___ Information supplied

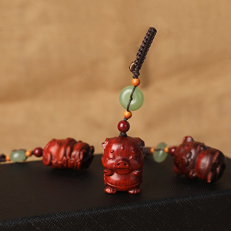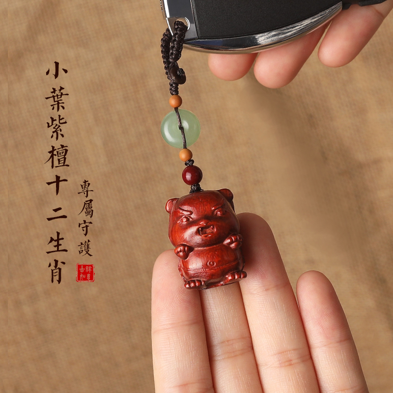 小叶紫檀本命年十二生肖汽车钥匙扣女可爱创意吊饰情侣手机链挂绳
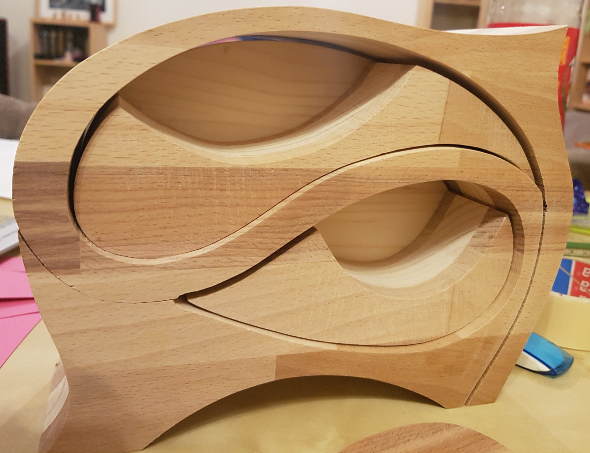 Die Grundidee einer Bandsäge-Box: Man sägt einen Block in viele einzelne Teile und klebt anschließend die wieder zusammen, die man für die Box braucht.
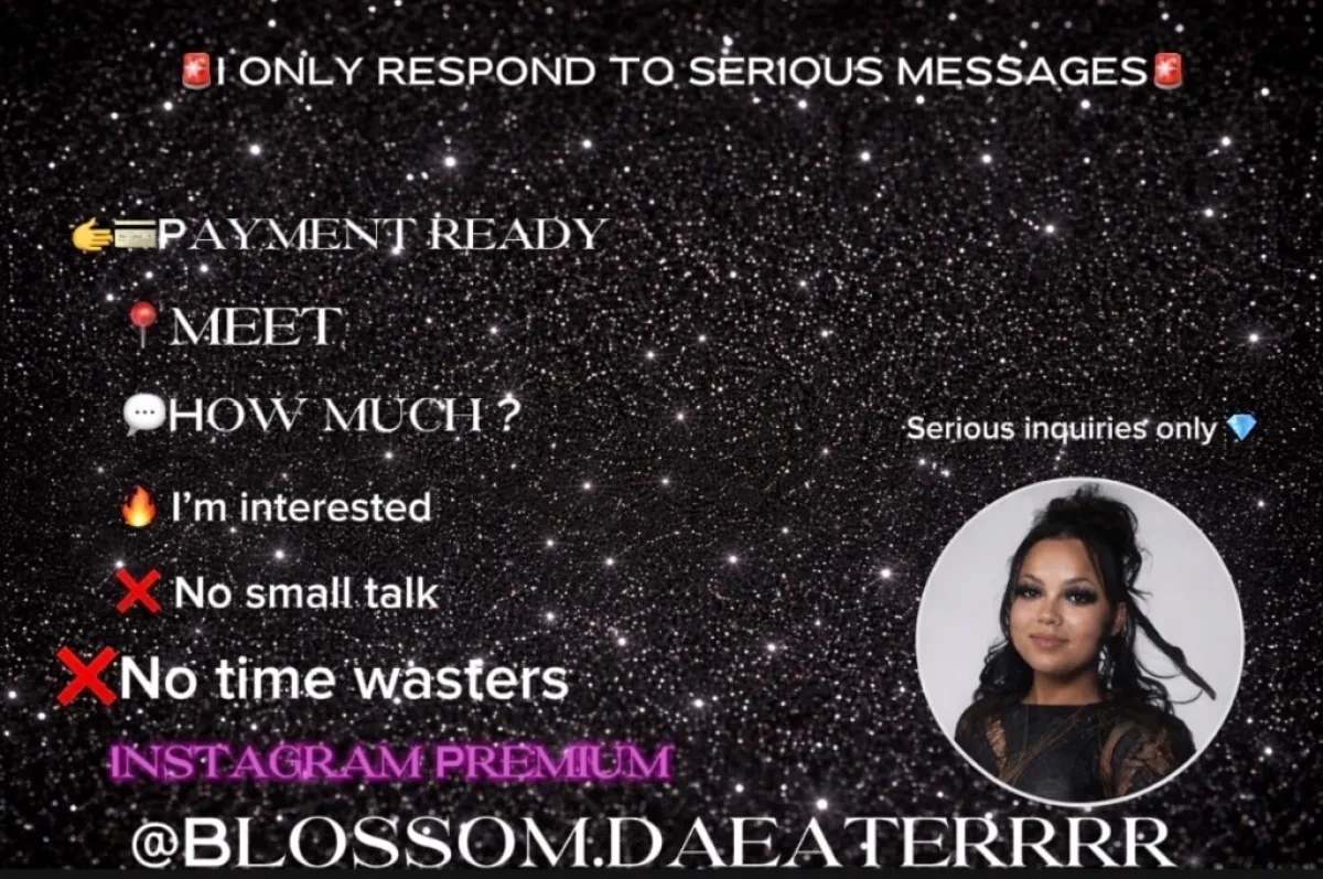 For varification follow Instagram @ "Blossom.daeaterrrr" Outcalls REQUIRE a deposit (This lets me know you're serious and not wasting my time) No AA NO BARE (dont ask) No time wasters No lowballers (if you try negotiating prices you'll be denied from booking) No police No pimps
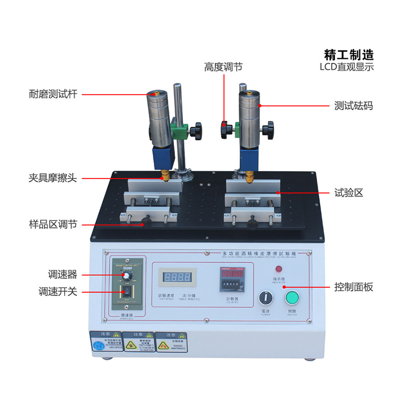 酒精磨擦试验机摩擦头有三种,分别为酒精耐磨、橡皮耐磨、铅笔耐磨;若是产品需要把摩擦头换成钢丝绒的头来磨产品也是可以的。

______

## Problem to work on
Only the pictures stay behind; everything else in the data above is to be retyped exactly.

## Answer to this problem
 小叶紫檀本命年十二生肖汽车钥匙扣女可爱创意吊饰情侣手机链挂绳
 Die Grundidee einer Bandsäge-Box: Man sägt einen Block in viele einzelne Teile und klebt anschließend die wieder zusammen, die man für die Box braucht.
 For varification follow Instagram @ "Blossom.daeaterrrr" Outcalls REQUIRE a deposit (This lets me know you're serious and not wasting my time) No AA NO BARE (dont ask) No time wasters No lowballers (if you try negotiating prices you'll be denied from booking) No police No pimps
 酒精磨擦试验机摩擦头有三种,分别为酒精耐磨、橡皮耐磨、铅笔耐磨;若是产品需要把摩擦头换成钢丝绒的头来磨产品也是可以的。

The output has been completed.